Thanks to a comment by David Seltzer, I realize that I (and we) have been using the wrong terminology in the PIH. The present value of the income stream, which is its market value, is its stochastically discounted value
Future consumption and future income are correlated, so this value is not the same thing as the right hand side of the PIH
Don't go too far down this rabbit hole. The quadratic utility PIH allows zero and negative marginal utility which plays havoc with asset prices. But it is not correct to say that consumption depends on the “present value” of future income. I'm not going to try to correct 50 year old terminology!
A variable with a unit root (1− L)xt = a(L)εt generalizes a random walk (1− L)xt = εt. Two variables are cointegrated if they each follow unit root processes but a linear combination xt + ayt is stationary.
I use the December t bond yield minus December t-1 to December t inflation as a forecast variable. I use the December t bond yield minus December t to December t+1 inflation as the real rate to be forecast. The forecasting variable should have lots of information. Since we don't observe a real rate, it does not have to be the actual real rate. The left hand variable does have to be a real return. The question is whether any variable x forecasts the real return, not whether the lagged ex-post real return does so.
You have a comment about it, but doesn't adding habits kind of reconcile the Fed view and the academic view? If I look at the movement of consumption in response to a (expansionary) monetary shock in Christiano, Eichenbaum, and Evans figure 1, I see that consumption gradually rises before falling back down. I think this is consistent with what policy makers would say happens? (and is broadly consistent with the empirical evidence)
I know that an important difference is they are considering a one-off shock that is allowed to revert, while you are considering a permanent shock. Is that where you think the tension arises?

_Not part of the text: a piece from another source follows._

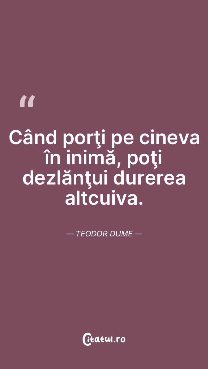 Când porţi pe cineva în inimă, poţi dezlănţui durerea altcuiva. Teodor Dume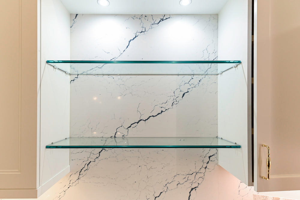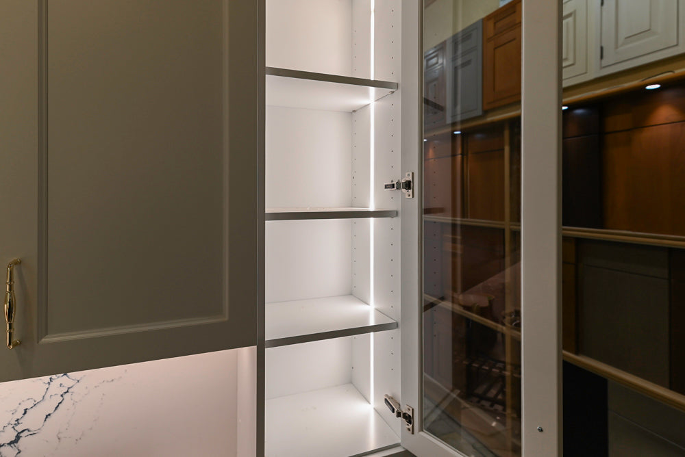 The rich navy cabinets provide a striking contrast to the bright, airy tones of the white cabinetry, creating a dynamic two-tone effect that adds depth and visual interest. The traditional design is enhanced with exquisite detailing, including finely crafted molding, custom storage solutions, and thoughtfully designed shelves, providing both style and functionality.

I love your blog, but you are overly kind to macro asset pricing. Consumption is too smooth to explain asset returns. Like Jason from "Friday the 13th", consumption gets killed in every paper, but reappears in the sequel.
We only "explain" the equity premium by adding an extra parameter. The variance premium is larger, and gets ignored.
The cross-section of expected asset returns seems unrelated to covariance. By contrast, there are large momentum and seasonal patterns in asset returns.
Efficient market theory made a surprising, far-reaching, and successful random walk prediction. It led to indexing and revolutionized investing. Macro finance, not so much.